The Met will be paying Matthews about a million this year and next, which isn't horrendously out-of-line for a veterans reserve CF, and he is at least insurance on Carlos Betran's knee surgery. The Angels will pay $21 million-plus to have him on somebody else's roster, which is something they probably should have foreseen when they signed him to that ridiculous contract.


Wednesday, January 20, 2010

Avoiding arbitration

Lots of signings Tuesday by the Twins. They had eight arbitration cases pending and wiped the slate clean.

Because all eight were already under team control, the deals are mainly of interest to their employer, who now know exactly how much they're paying these guys, and to their accountants.

Tuesday was the day to exchange arbitration figures, and there were a lot of signings all over baseball. It appears that everybody's got a pretty good handle on where the arbitration ruling was likely to go, and if they have that figured out, it's easy to settle.

Some of the Twins deals are complex enough that they were clearly being work on a while. Francisco Liriano, for example, has incentives both as a starter and as a reliever. Brendan Harris got a two-year contract —which make his the worst contract on the roster, except that it's not a huge amount (for baseball. Me, I'd be able to retire on it).

And J.J. Hardy's contract is essentially what Orlando Cabrera got last season, which was too low for O-Cab's liking. Cabrera's still available; he's overestimated his market again, it appears.

Sunday, January 17, 2010

Around the division

It's been more than a month since the last look at the Twins' divisional rivals. Let's see what's been happening:

Tigers: Just signed Jose Valverde (left) to close. Silly move in my estimation; they have a ton of young relievers, at least one of whom ought to be capable of pitching the ninth inning. Well, it's one less decision for Jim Leyland to make.

They're rumored to be looking at Johnny Damon, which sounds more like another Scott Boras invention than reality. They have several million tied up in Carlos Guillen and Magglio Ordonez, who are (like Damon) corner outfielders now so limited defensively that they ought to be DHs. They don't need three of that kind of player.

Now watch: They'll probably sign Damon and put him in center. There he would replace Curtis Granderson, who is essentially replacing Damon on the Yankees roster. That would buy some time for Austin Jackson to ripen in the minors. It would also probably cause heads to explode in the Tigers-oriented part of the blogosphere.

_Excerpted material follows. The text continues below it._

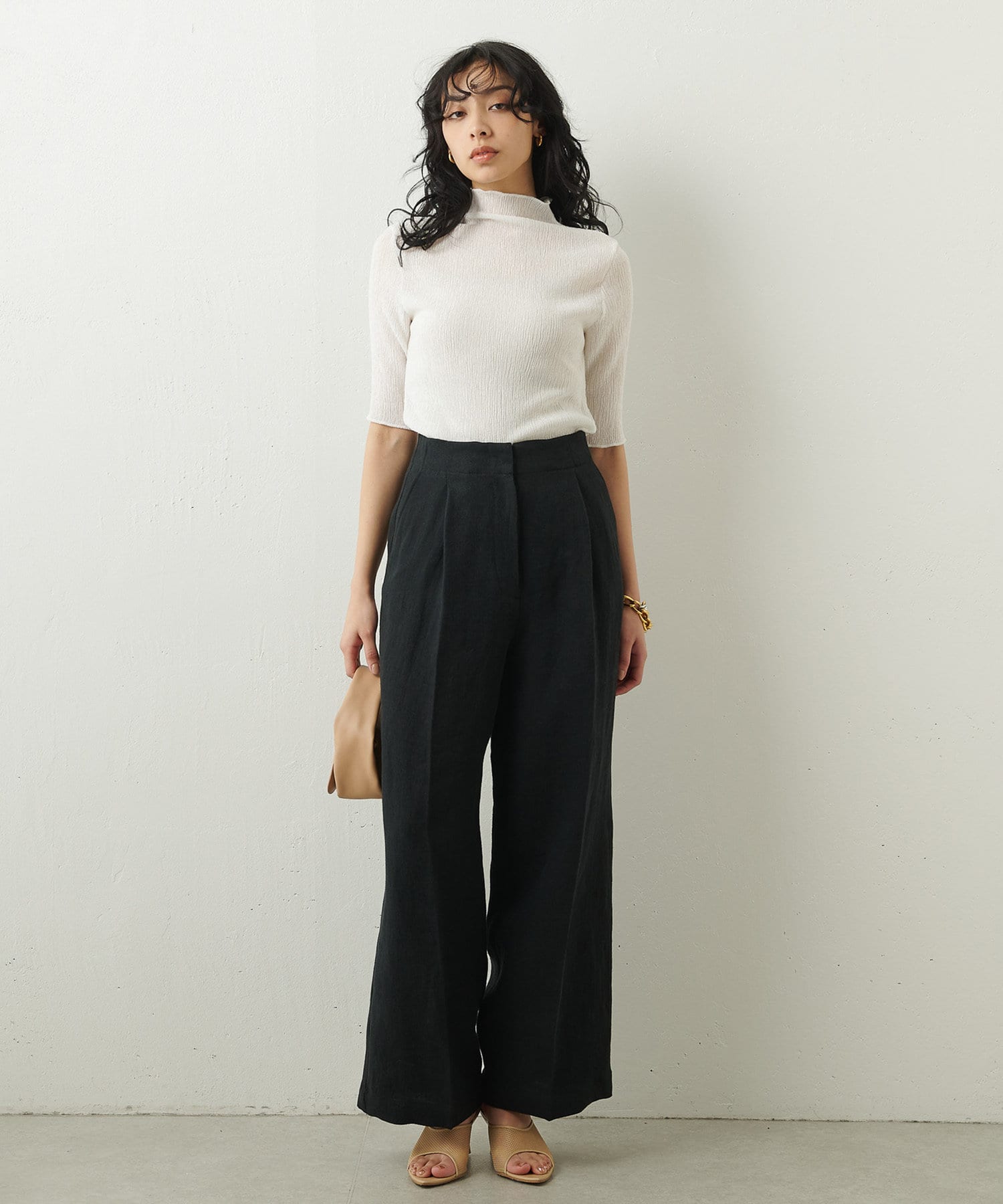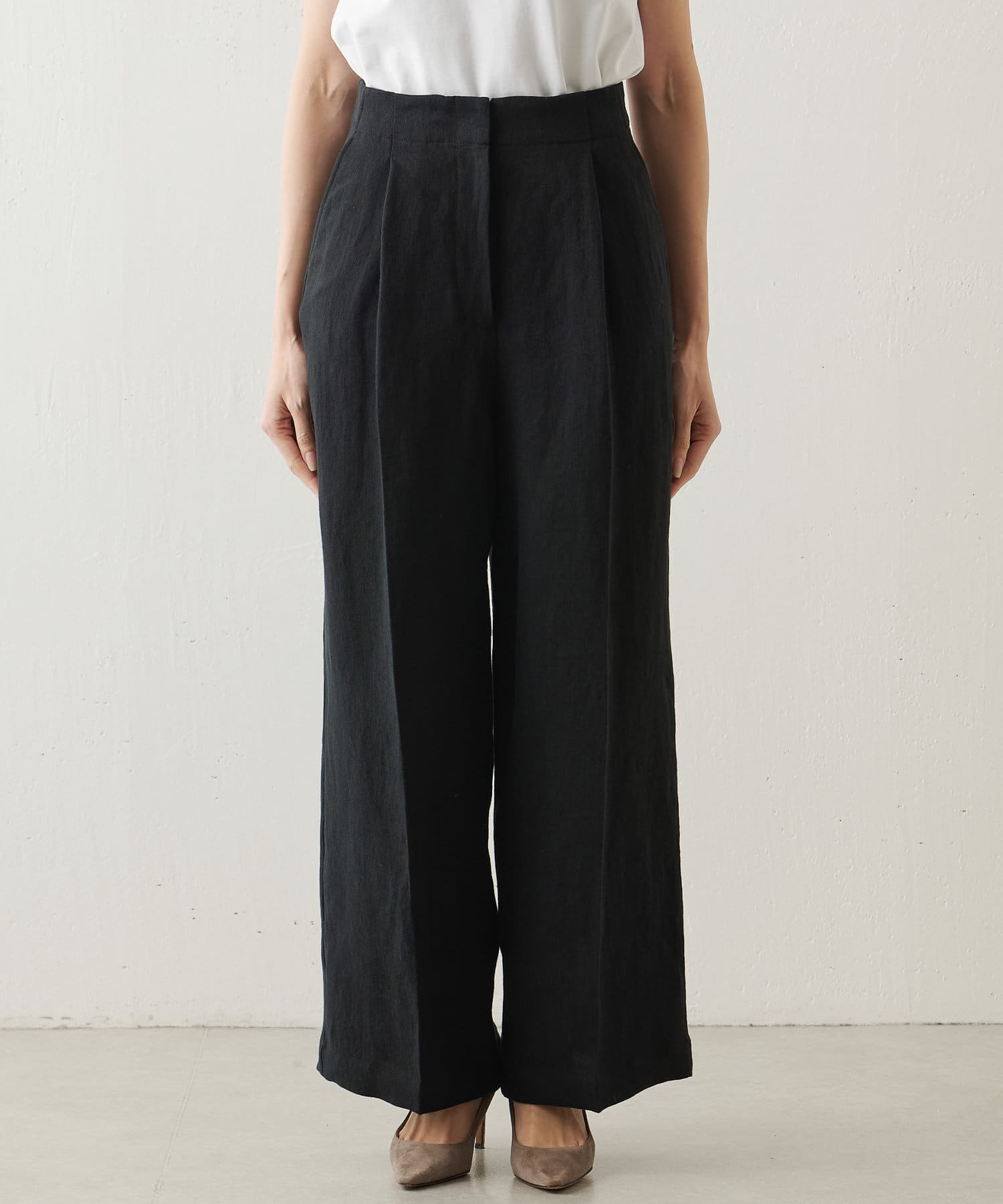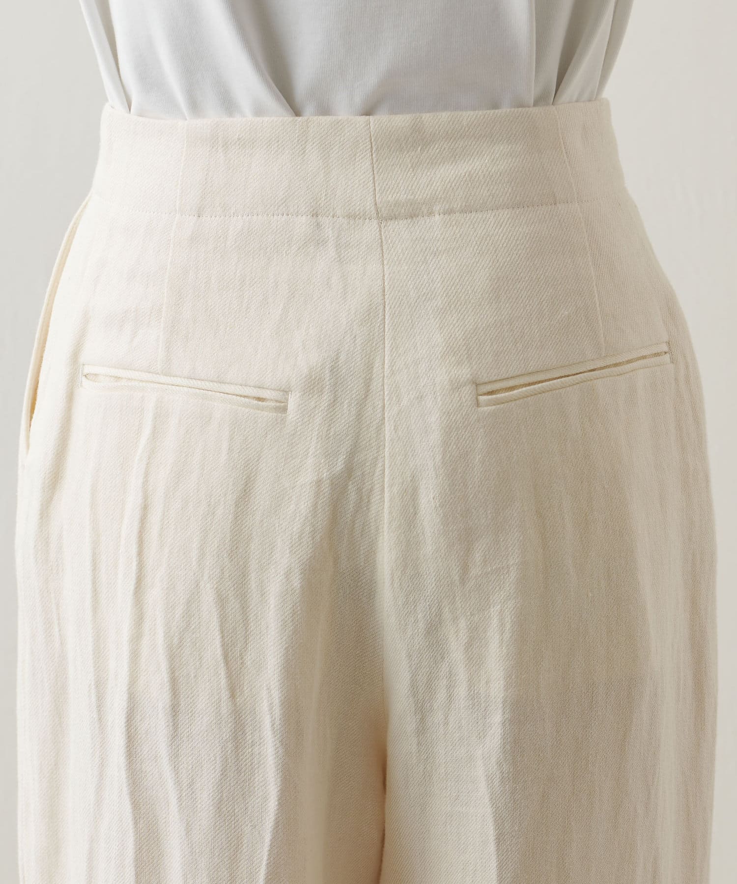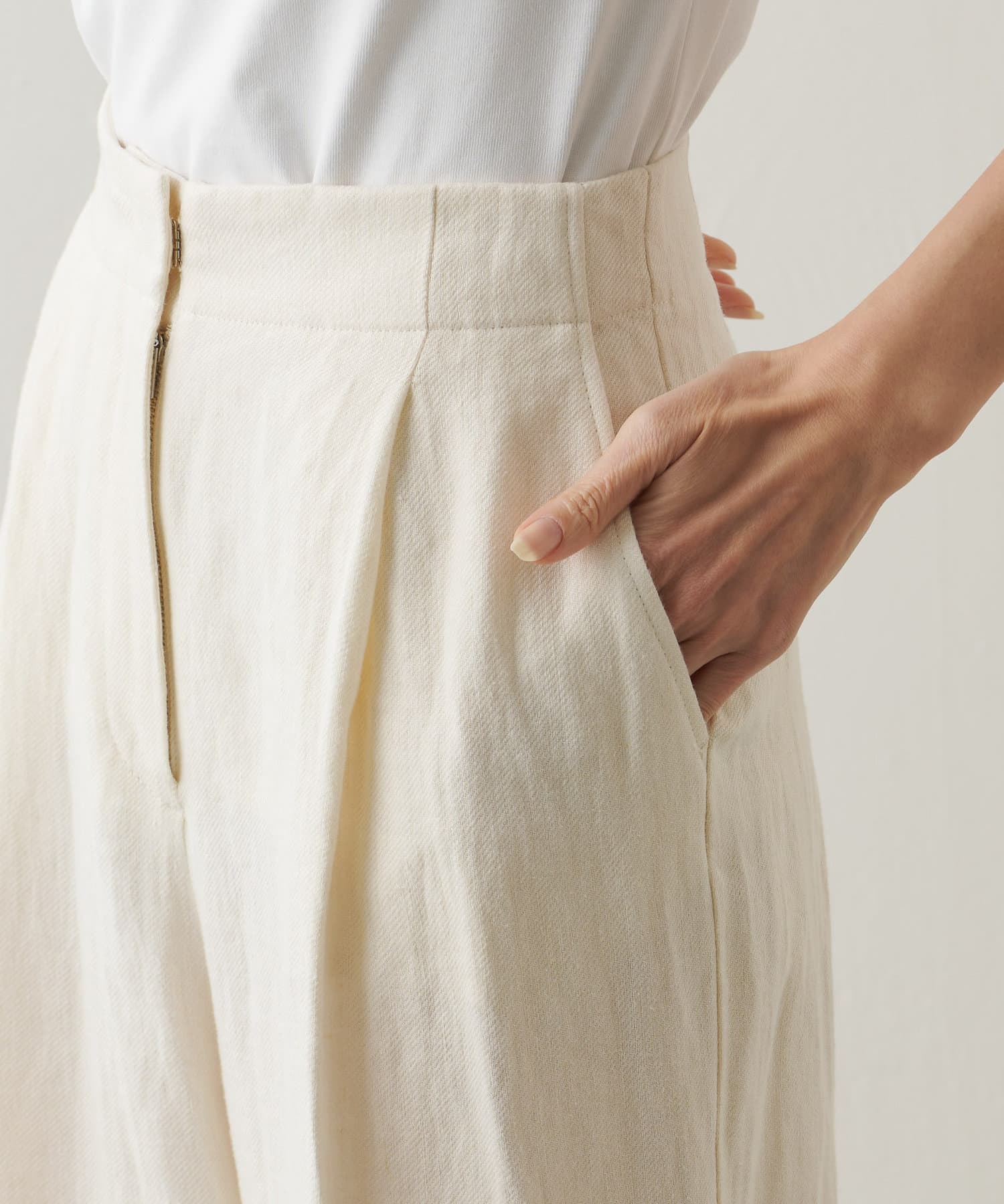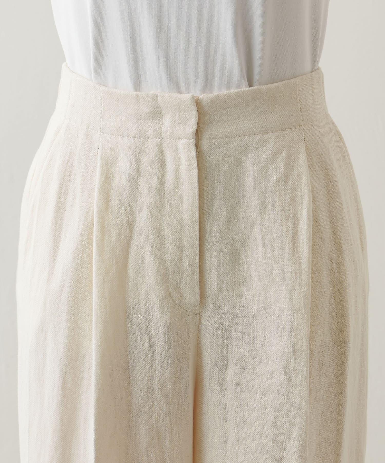 ■リネン素材で清涼感たっぷりに仕上げたタックパンツ。

Kansas City: The Royals have been busy this winter signing such free agents as Jason Kendall and Scott Podsednik.

It's kind of cute, their relentless pursuit of mediocrity. Dayton Moore, the K.C. general manager, might has well have "I can't evaluate talent" tattooed across his forehead.

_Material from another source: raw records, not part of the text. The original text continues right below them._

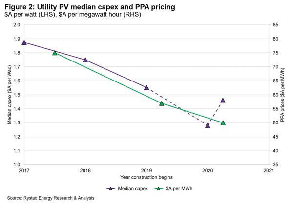光伏和風(fēng)電資產(chǎn)的大部分資本支出用于組件,約占光伏和風(fēng)電支出的60%和75%。由于組件通常以外幣計(jì)價(jià),澳元貶值對(duì)項(xiàng)目經(jīng)濟(jì)產(chǎn)生了重大影響。圖2突出了光伏資本支出與購電協(xié)議(PPA)定價(jià)相比隨時(shí)間變化的趨勢(shì)。
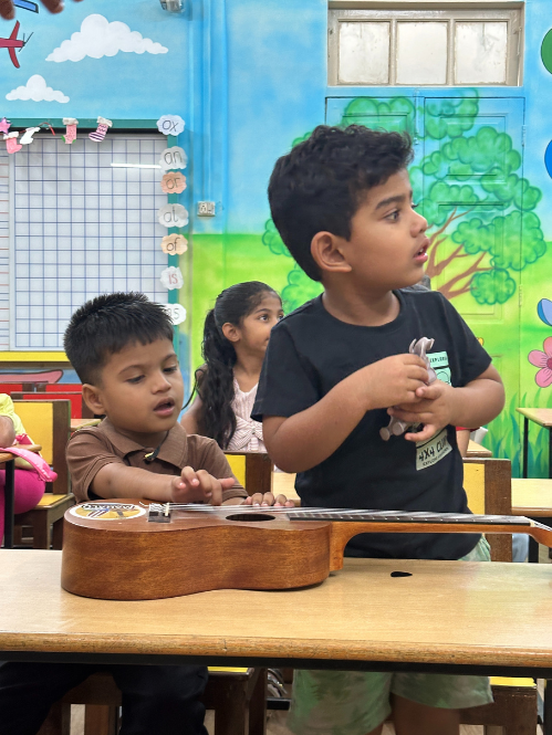 Our classes enable a structured learning setup that helps students understand chords and strumming patterns.
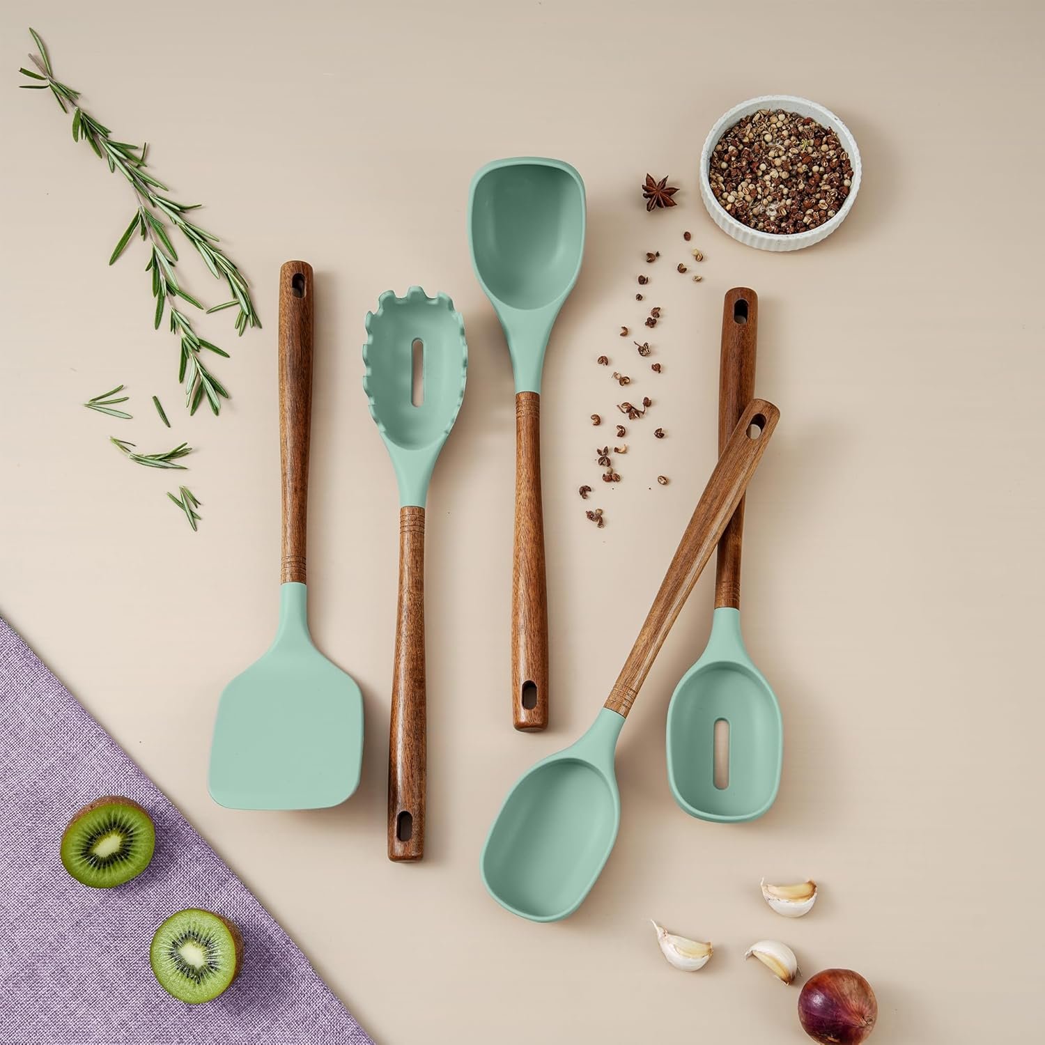 - Crafted for everyday cooking with a blend of acacia wood handles and food-grade silicone heads.

White Sox: They've been pretty quiet since dealing for Juan Pierre, who is apparently ticketed for left field with Alex Rios in center and Carlos Quentin in right. (I had assumed, when the deal was done, that Quintin would stay in LF, Pierre in his accustomed CF and Rios in his accustomed RF.)

The Sox did sign relief pitcher J.J. Putz, which would impress me more if this were, say, 2007. He hasn't done much since then but get hurt. Important if healthy.

GM Kenny Williams says he's done dealing, which doesn't necessarily mean anything.

Cleveland: Making minor moves, some of which make sense. Outfielders Austin Kearns and Shelly Duncan signed minor league deals. Duncan's been trapped in the Yankees system, and Kearns has struggled with injuries. Neither has any real star potential at this point — they're both 30 — but either could be a useful bench player.

Mike Redmond, as noted in the previous post, signed with the Tribe. He's on the 40-man roster, unlike Kearns and Duncan. I don't know which youngster will be Cleveland's No. 1 catcher, Lou Marston or Carlos Santana — the linked-to story says Marston's the favorite, but I believe Santana is the more highly-regarded prospect — but it's a safe bet that they expect Red Dog to catch once a week and mentor the kid the rest of the time.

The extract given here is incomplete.